Problem to solve:
In the listing below, find the line with "Eleanor hinged cuff" and the line with "醋泡姜生产全过程均在无菌车间", then return them and every line between them exactly, minus the pictures.

Data for review:
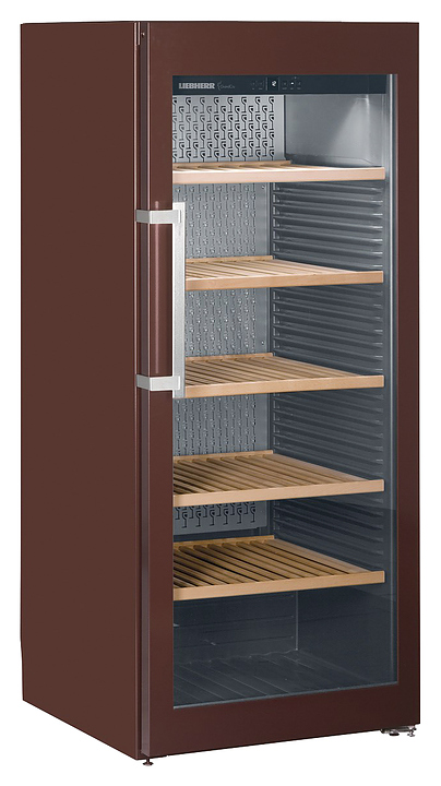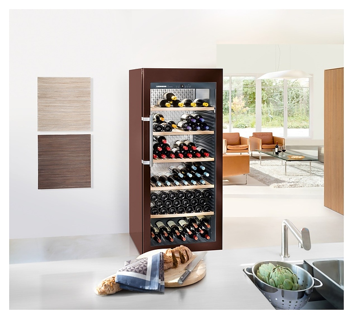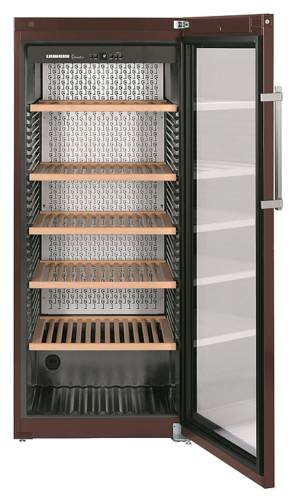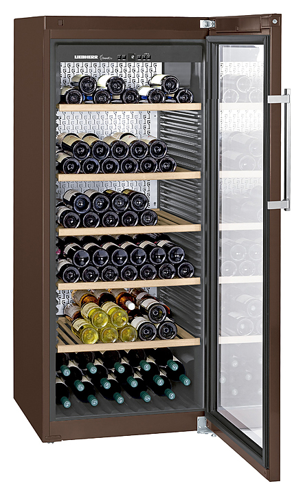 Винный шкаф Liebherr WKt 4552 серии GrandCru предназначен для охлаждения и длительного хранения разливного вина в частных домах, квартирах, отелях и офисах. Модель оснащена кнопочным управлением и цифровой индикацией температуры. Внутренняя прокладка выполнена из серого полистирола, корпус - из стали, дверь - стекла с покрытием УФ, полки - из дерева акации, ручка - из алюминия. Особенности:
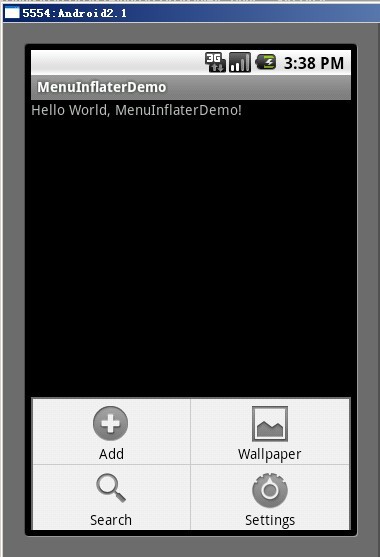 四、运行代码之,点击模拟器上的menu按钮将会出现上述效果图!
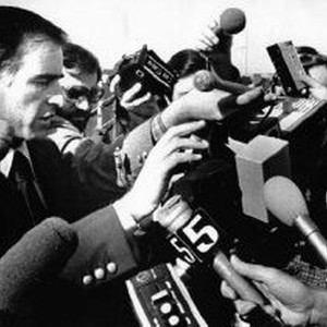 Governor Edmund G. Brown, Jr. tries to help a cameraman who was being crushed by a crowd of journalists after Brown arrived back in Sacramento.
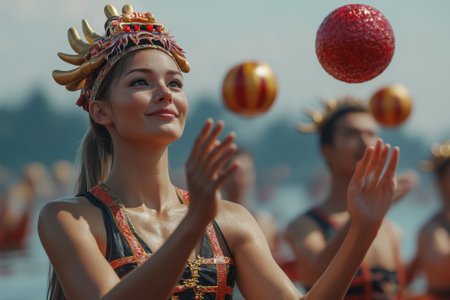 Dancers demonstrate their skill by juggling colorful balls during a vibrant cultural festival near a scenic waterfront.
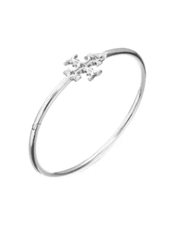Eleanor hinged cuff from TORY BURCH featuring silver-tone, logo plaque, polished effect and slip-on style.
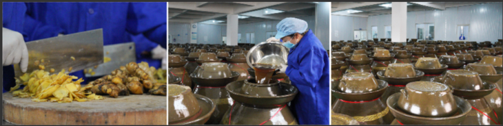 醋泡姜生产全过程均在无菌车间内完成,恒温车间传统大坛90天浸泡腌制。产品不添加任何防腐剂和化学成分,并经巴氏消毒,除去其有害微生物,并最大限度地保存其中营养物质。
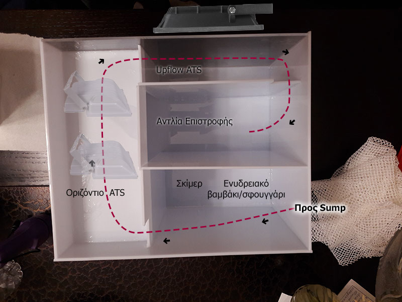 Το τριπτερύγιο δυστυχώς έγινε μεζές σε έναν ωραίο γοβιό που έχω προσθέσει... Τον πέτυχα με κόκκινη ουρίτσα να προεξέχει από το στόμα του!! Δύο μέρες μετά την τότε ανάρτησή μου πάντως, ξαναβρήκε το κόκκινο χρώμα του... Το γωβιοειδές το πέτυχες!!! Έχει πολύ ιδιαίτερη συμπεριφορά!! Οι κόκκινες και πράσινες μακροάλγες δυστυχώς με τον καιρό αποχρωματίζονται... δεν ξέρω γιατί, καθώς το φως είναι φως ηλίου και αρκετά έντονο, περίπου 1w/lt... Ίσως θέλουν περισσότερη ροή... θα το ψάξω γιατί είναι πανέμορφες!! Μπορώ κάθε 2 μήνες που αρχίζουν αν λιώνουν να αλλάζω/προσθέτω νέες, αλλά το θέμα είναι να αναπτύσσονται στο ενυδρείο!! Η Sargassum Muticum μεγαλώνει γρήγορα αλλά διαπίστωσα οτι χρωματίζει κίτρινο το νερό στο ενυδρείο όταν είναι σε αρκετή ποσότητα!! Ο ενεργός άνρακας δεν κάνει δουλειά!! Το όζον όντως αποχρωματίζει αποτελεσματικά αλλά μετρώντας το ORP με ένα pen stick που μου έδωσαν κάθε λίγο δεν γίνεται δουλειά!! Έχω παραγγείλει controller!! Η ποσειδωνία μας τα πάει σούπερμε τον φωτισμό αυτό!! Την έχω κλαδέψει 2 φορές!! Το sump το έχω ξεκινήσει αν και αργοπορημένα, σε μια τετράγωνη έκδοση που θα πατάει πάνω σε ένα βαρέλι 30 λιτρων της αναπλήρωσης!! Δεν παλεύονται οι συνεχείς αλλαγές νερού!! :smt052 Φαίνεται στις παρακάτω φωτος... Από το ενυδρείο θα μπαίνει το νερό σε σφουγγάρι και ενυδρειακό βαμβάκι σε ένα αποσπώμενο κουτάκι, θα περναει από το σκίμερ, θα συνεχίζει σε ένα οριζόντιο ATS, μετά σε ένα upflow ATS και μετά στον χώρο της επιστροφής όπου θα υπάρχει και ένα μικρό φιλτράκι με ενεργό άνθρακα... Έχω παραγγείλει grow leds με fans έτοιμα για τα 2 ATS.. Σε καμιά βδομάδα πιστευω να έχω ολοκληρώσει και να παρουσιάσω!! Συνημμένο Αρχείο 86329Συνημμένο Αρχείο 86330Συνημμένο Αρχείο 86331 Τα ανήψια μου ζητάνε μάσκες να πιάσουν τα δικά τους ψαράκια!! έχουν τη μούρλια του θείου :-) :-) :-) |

Result of this task:
Eleanor hinged cuff from TORY BURCH featuring silver-tone, logo plaque, polished effect and slip-on style.
 醋泡姜生产全过程均在无菌车间内完成,恒温车间传统大坛90天浸泡腌制。产品不添加任何防腐剂和化学成分,并经巴氏消毒,除去其有害微生物,并最大限度地保存其中营养物质。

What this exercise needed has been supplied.